My Lord, What a Night “culminates with Anderson’s famed 1939 performance in front of the Lincoln Memorial,” writes Hertvik in her review. The performance “attracted 75,000 spectators of all races, including African Americans who had been unable to see her perform due to the segregationist policies of the time. Millions more listened at home.”

In 1939 the Daughters of the American Revolution (DAR) refused to permit Anderson to sing a concert at Constitution Hall, due to a policy that excluded African American performers. First Lady Eleanor Roosevelt resigned in protest, and formed a committee to find a different venue.

Through FDR’s administration a concert was arranged to take place at the Lincoln Memorial. On April 9 (Easter Sunday) Anderson sang a selection that included “America (My Country, ’Tis of Thee).”

“The Lincoln Memorial concert forever changed the Black experience in America, because it was the moment where the civil rights issue broke through to the national audience,” says Brevoort. “Not only were 75,000 people at that concert, but it was broadcast on the radio. My mother remembers, as a child, sitting by the radio, listening to that concert.”

In 1936, Anderson had been the first African American to perform at the White House, an event at which a young Dr. Martin Luther King Jr. was in the audience. Twenty-seven years later, Anderson sang at the 1963 March on Washington.

Pointing to events such as the 2017 Women’s March on Washington, Brevoort adds that the concert established the National Mall as the site “and symbol of civil protest in the United States. To this day, when we march on Washington, we go to the National Mall, and we stand beneath the Lincoln Memorial. That is because of Marian Anderson.”

Anderson in 1940. (Photo by Carl Van Vechten)

Returning to Princeton

In 1943 the DAR did invite Anderson to sing for an integrated audience at Constitution Hall (even though the policy that had excluded her four years earlier did not end until 1952). The occasion was a benefit for the American Red Cross.

Jerome and Taylor write, “Despite her worldwide renown, it was not until January 1955 that Anderson was finally permitted to sing with New York’s Metropolitan Opera.” She became the first African American to do so, performing the part of Ulrica in Verdi’s Un ballo in maschera.

“That same month, Princeton’s Friendship Club brought her back for another concert at McCarter,” write Jerome and Taylor. She again stayed with Einstein, who died a few months later. Jerome and Taylor quote Anderson as writing: “I knew this was really good-bye.”

In 1959 Princeton University conferred the Doctor of Humanities honorary degree on Anderson. The website for the University’s Women’s Center notes that this made her the “first African American woman to receive such an honor from the college.”
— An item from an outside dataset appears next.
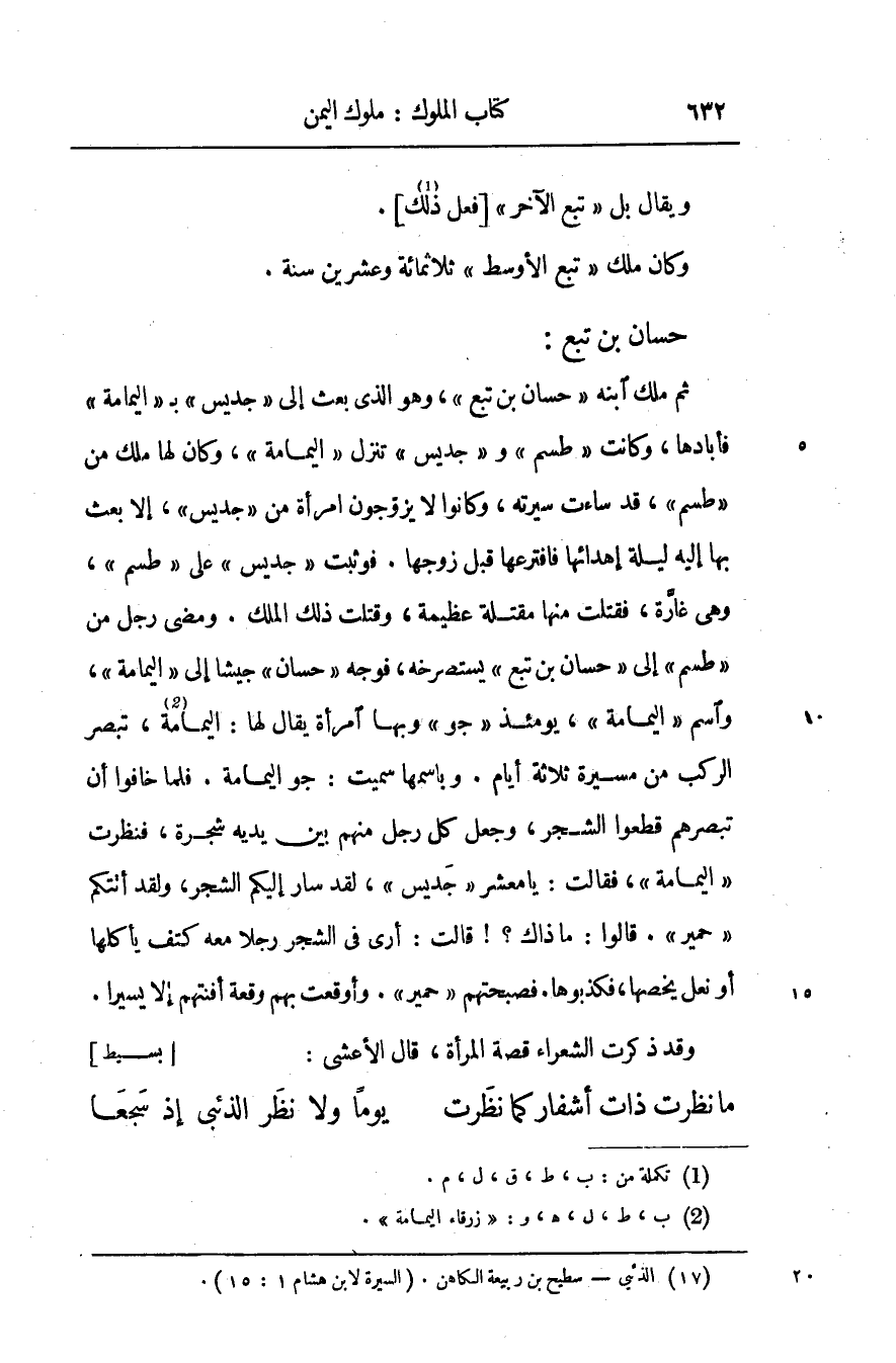 ثم ملك ابنه «حسان بن تبع» ، وهو الّذي بعث إلى «جديس» ب «اليمامة» فأبادها، وكانت «طسم» و «جديس» تنزل «اليمامة» ، وكان لها ملك من «طسم» ، قد ساءت سيرته، وكانوا لا يزوّجون امرأة من «جديس» ، إلا بعث بها إليه ليلة إهدائها فافترعها قبل زوجها. فوثبت «جديس» على «طسم» ، وهي غارّة، فقتلت منها مقتلة عظيمة، وقتلت ذلك الملك. ومضى رجل من «طسم» إلى «حسان بن تبع» يستصرخه، فوجه «حسان» جيشا إلى «اليمامة» ، واسم «اليمامة» ، يومئذ «جو» وبها امرأة يقال لها: اليمامة [2] ، تبصر الركب من مسيرة ثلاثة أيام. وباسمها سميت: جو اليمامة. فلما خافوا أن تبصرهم قطعوا الشجر، وجعل كل رجل منهم بين يديه شجرة، فنظرت «اليمامة» ، فقالت: يا معشر «جديس» ، لقد سار إليكم الشجر، ولقد أتتكم «حمير» . قالوا: ما ذاك؟! قالت: أرى في الشجر رجلا معه كتف يأكلها أو نعل يخصها، فكذبوها. فصبحتهم «حمير» . وأوقعت بهم وقعة أفنتهم إلا يسيرا.

Mitchell Jamieson’s 1943 mural, An Incident in Contemporary American Life, at the United States Department of the Interior Building depicts the scene of Anderson’s concert at the Lincoln Memorial. (Photo by Carol Highsmith)

“An Important Piece of History”

Brevoort hopes that My Lord, What a Night will “resurrect an important piece of history.” She soberly reflects, “The dilemma that Marian Anderson and Albert Einstein were facing that night … continues to this day. My hope is that, as we look at this historical drama set in 1937, we see how little we’ve actually changed.”

Racial justice is an issue that deeply affects the playwright on a personal level. Brevoort is married to Tony Award winning actor Chuck Cooper. She says that as an African American, Cooper has “endured everything that happened to Marian Anderson: racial profiling and racist incidents. The conversation that takes place in Einstein’s house is a conversation that my husband and I have had numerous times around our own dining room table. My Lord, What a Night is a historical drama about 1937, but the issue remains.”

Despite the contralto’s longtime resistance to being connected with political activism, Brevoort is unequivocal in defining her sociopolitical legacy. “Marian Anderson carried the civil rights issue into the ears of Americans, and into their hearts.”